Moreover, while Meir Babaev and Mr. Johansen testified that if a subcontractor had to use the subject shaft, and had to remove the barricade, it was responsible to replace it when finished, there was no testimony that MVP ever removed any covering over the subject shaft. In addition, even assuming that plaintiff fell through the shaft which had been created for MVP, as opposed to the shaft used by Pizza Hut, Mr. Papa testified that MVP workers did not create that shaft, did not open or close the shaft, and were not responsible for uncovering or covering that shaft when its workers were working in that area because the procedure was to contact Mr. Johansen, who would arrange for Ernie, who worked for LL, to do so ("I [Mr. Papa] would have went to Ron [Johansen]. I wouldn't have paid my guys to open up and close holes. It's not part of our job"). Also, MVP points out that Mr. Johansen testified that at the relevant time period, no trades were working in the larger shaft depicted in his Incident Report because his photographs showed that the shaft "was wide open in terms of nothing in it" and that had there been trades working in the shaft, plaintiff could not have fallen through it. Further, Mr. Papa testified that while work was ongoing, the subject shafts were covered with plywood and a barricade, which was like a fence.

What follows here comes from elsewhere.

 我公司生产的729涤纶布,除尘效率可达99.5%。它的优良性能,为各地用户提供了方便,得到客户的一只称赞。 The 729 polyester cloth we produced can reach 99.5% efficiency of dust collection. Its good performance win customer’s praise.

He also testified that on the day of the accident, MVP was doing work in other parts of the building and had nothing to do with the shaft; and that on the day of the accident, MVP was running the ducts along the ceilings of the first, second and third floors.

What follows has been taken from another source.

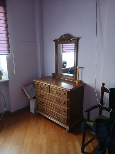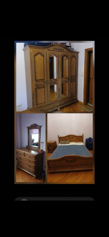 Yataq otağı dəsti – modern və eleqant dizayn Tərkibi: - 4 qapılı, güzgülü qarderob (daxildə asılqan bölmələri, rəflər və şkaf bölmələri) - İki tumba (yan stolçiklər, çekmecəli) - Komod/şkaf güzgü ...

Finally, MVP argues, in effect, that Mr. Ellerby's January 7, 2014 safety report, containing the notation "Barricade on top of 3rd floor duct shaft not secured, I advised MVP to secure plywood from movement immediately," fails to raise an issue of fact because the shaft depicted: in the photograph does not, according to Mr. Papa, depict the shaft through which plaintiff fell. In any event, as noted above, even assuming this photograph (number 4) depicts the subject shaft, based upon the foregoing, MVP has demonstrated, prima facie, that it was not negligent with respect to the subject shaft. In light of MVP's showing, and inasmuch as Northbay has failed to oppose MVP's motion, that branch of MVP's motion to dismiss the remainder of the causes of action of Northbay's third-party complaint, asserting causes of action for common-law indemnification and contribution, is granted. In sum, that branch of MVP's motion to dismiss Northbay's third-party complaint against it is granted.

MVP also moves to dismiss LL's third third-party complaint against it, which seeks contribution and common-law and contractual indemnification. LL does not oppose this branch of MVP's motion. As to LL's claim for contractual indemnification, as noted above, MVP points out that Mr. Johansen testified that he did not review any contract entered into between MVP and another entity. In light of the foregoing, and inasmuch as LL does not oppose this branch of MVP's motion, this branch of MVP's motion to dismiss LL's claim for contractual indemnification against it is granted.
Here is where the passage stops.